Pernilla Iggstrom is a painter whose work reflects on the power of photography to create a sense of who we are. Using silhouettes traced from personal photos, she suggests the shifting outlines of identity. She evokes scenes from her childhood, building up the images with thick layers of paint and shiny, transparent resin. Her painting Gissa Vem (The Prophet) shows her head, as a shape without features, a coloured plane, onto which we can project whatever we please.

Ash Fitzgerald shows two books that have been subjected to various processes of change. The result is two sculptural objects that speak to us about the mutability of the physical world and fragility of human systems for storing and retrieving knowledge. Alongside the books is a small object elevated on a plinth - we read it as a kind of figure, an idol or a totem perhaps.
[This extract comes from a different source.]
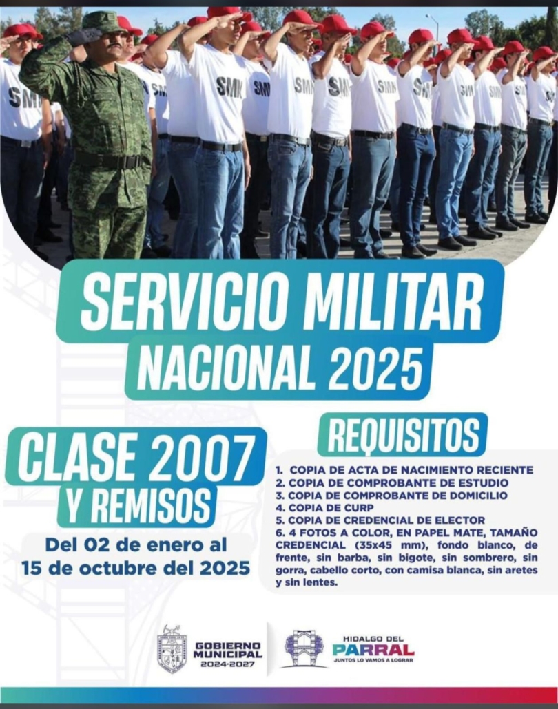 El Gobierno de Parral, encabezado por el alcalde Salvador Calderón Aguirre, hace un llamado a los jóvenes de la ciudad a realizar su trámite de alistamiento para el Servicio Militar Nacional (SMN), correspondiente a la Clase 2007 y Remisos, el cual concluye el próximo 15 de octubre.

Bol Marjoram displays two versions of his ongoing project, The Price of Admission. The earlier version is a one off book. Shown in an at The Tel Aviv Museum in 2009, it is carefully designed and constructed to present a series of fragments that cohere into a narrative which reflects back on itself. The latest version is too large to be contained within the structure of a book and pushes outward into the space. The pages have become a series of planes which bisect the room. The elements of a comic strip reach a point of near disintegration, which is mirrored in the pages themselves. It has become difficult to reconstruct the narrative, which earlier versions celebrated as a form of unifying journey.

Pernilla Iggstrom was born in South Korea, adopted by Swedish parents and lived for many years in Singapore. She now lives in London and graduated with a B.A. Hons in fine art from City and Guilds of London Art School in 2011.

Ashley Fitzgerald, born in 1964, is based in London. He graduated with a BA (Hons) Fine Arts in 1995 and completed his MA in fine art at the City and Guilds of London Art School in 2011.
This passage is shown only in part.